Anker’s eufy admits unencrypted video can be accessed, plans review

eufy cameras
Enlarge / Anker’s Eufy division has said that its web portal was not designed for end-to-end encryption and could allow external access with the correct URL.


After two months of arguing with critics about how security researchers could access so many aspects of its “Cloudless” security cameras online, Anker’s smart home division Eufy has provided a lengthy explanation and promises to do so. better.

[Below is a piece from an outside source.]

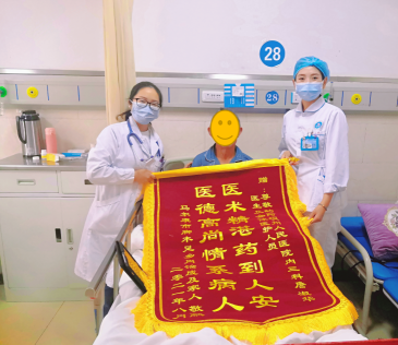 患者表示:“詹医生每天都来看我,关心我,耐心与我讲解病情,鼓励我坚持战胜病魔。多次根据我的病情变化细心调整用药,使我的病迅速好转,医术精湛,仁心仁术,太感谢她了。”詹医生感动的回复患者:“谢谢老人家的肯定,治病救人是我的初心,看到您好起来,我内心也非常高兴。这一面锦旗是非常珍贵的礼物,感谢您对我的肯定。”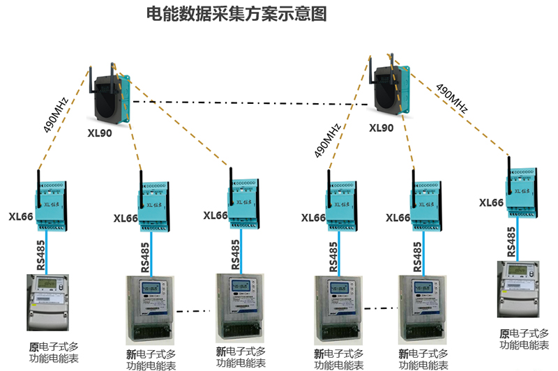 其它用電監(jiān)測(cè)點(diǎn),每個(gè)監(jiān)測(cè)點(diǎn)配置1塊DTSD3366G電子式多功能電能表和1臺(tái)XL66智能轉(zhuǎn)換器,獲取監(jiān)測(cè)點(diǎn)的用電數(shù)據(jù),上傳至XL90物聯(lián)網(wǎng)關(guān)

In multiple responses to The Verge, which has repeatedly criticized Eufy for failing to address key aspects of its security model, Eufy has clearly stated that the video footage produced by its cameras can be accessed, unencrypted, through the Eufy web portal, despite from messages and marketing that suggest otherwise. Eufy also stated that it would bring in penetration testers, commission an independent security researcher’s report, create a bug bounty program, and further detail its security protocols.

Before the end of November 2022, eufy had enjoyed a prominent place among smart home security providers. For those willing to trust any company with home video streams and other data, Eufy was marketed as offering “No Clouds, No Cost”, with encrypted streams delivered only to local storage.

then came the first of eufy’s unfortunate revelations. Security consultant and researcher. Paul Moore asked Eufy on Twitter about various discrepancies he discovered. Doorbell camera images of him, apparently tagged with facial recognition data, were accessible from public URLs. Camera footage, when on, was apparently accessible without VLC Media Player authentication (somewhat later confirmed by The Verge). Eufy issued a statement stating that she essentially had not fully explained how he used cloud servers to provide mobile notifications and was committed to updating his language. Moore went silent after tweeting about “a long discussion” with Eufy’s legal team.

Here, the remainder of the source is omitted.